Y eso que en el fondo hay que reconocer que mi madre tenía un poco de razón. Aquello era un engorro para todos. Todo el mundo tendría que estar el verano entero pendiente de mí porque, según el médico, no podía levantarme, pero en realidad sin que yo estuviese malo de veras. No malo de morir, ni muchísimo menos. Sólo estaba un poquillo averiado —una pizquita mustio, como decía Antonia— y me pasaba el día en cama leyendo o pintando vírgenes, que era lo único que me salía bien, y, si me aburría mucho, me liaba a pensar en cosas estupendas que me gustaría ser cuando fuera mayor. Por ejemplo, artista de cine.

—Este tiene más cuento que Calleja —decía mi hermano Manolín, que nunca tuvo mucha imaginación y repetía siempre lo que decía todo el mundo, y además estaba convencido de que era la mar de gracioso. Entonces Manolín tenía nueve años, pero con el tiempo no ha cambiado lo más mínimo.

A Manolín y a Diego, que entonces era muy chico pero ya más listo que Briján, les dieron las vacaciones en seguida y aquello sí que fue un drama. Como Antonia tenía que llevárselos a las dunas, porque si se quedaban en casa todo el santo día se ponían de lo más cafres, a mi madre no le quedaba más remedio que estarse conmigo y no podía ir a casa de las Caballero a jugar a la canasta y a ponerse morada de chismorrear. Estaba de un humor de perros. De modo que, a las tres semanas de estar yo convaleciente, y como el médico seguía encasquillado en que de la cama no podía moverme, un día mi madre se puso medio histérica y decidió, de buenas a primeras, que en casa de los abuelos yo estaría muchísimo mejor, la mar de bien atendido y ella más tranquila —y con las tardes libres, naturalmente—, y a la abuela además le serviría de entretenimiento el tener que ocuparse de mí, porque seguro que la pobre se sentía muy sola desde que tía Blanca se había casado.

Por lo visto, a todo el mundo le pareció una idea estupenda, pero a mí ni me consultaron.
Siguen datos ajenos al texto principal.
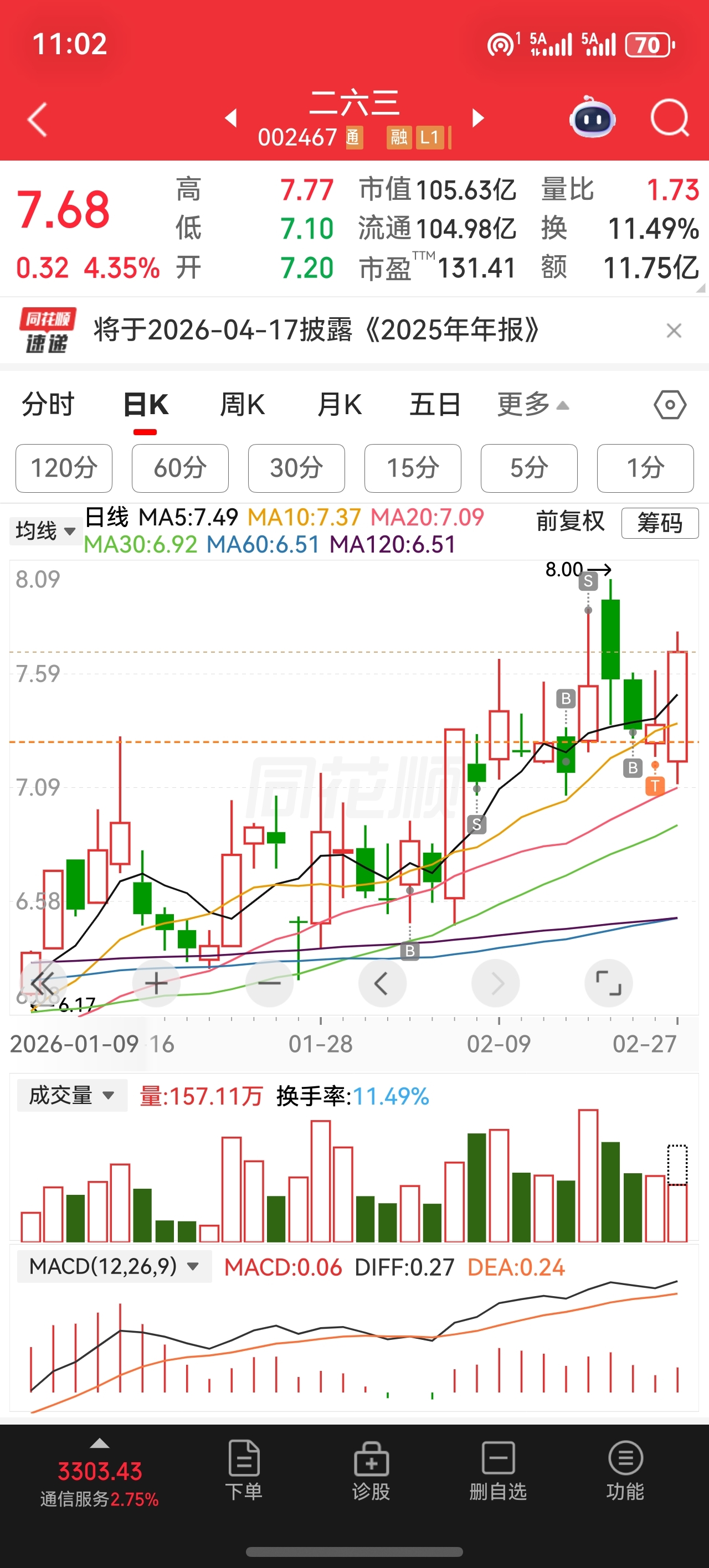 $二六三(SZ002467)$ 这次如果板,应该不会炸了,263从不负我

Mi madre sólo me dijo:

—Mañana te llevaremos a casa de los abuelos para que pases allí todo el verano.

La mejor casa del Barrio Alto

La casa de mis abuelos era grandísima y de mucho postín. Estaba en el Barrio Alto, al final de la Cuesta Belén, y desde la última azotea se veía el pueblo entero, los campanarios de todas las iglesias, los tejados de todas las bodegas, con los nombres de las buenas familias pintados en letras grandísimas; si tu apellido no aparecía en ninguna tapia ni en ningún tejado de alguna bodega, entonces tú no eras de familia bien, eso seguro. También se veía el Castillo de Santiago y, al fondo, entre las casas del Barrio Bajo, la desembocadura del Guadalquivir y el mar como un bizcocho azul que se esponjaba o se afilaba según iban y venían las mareas.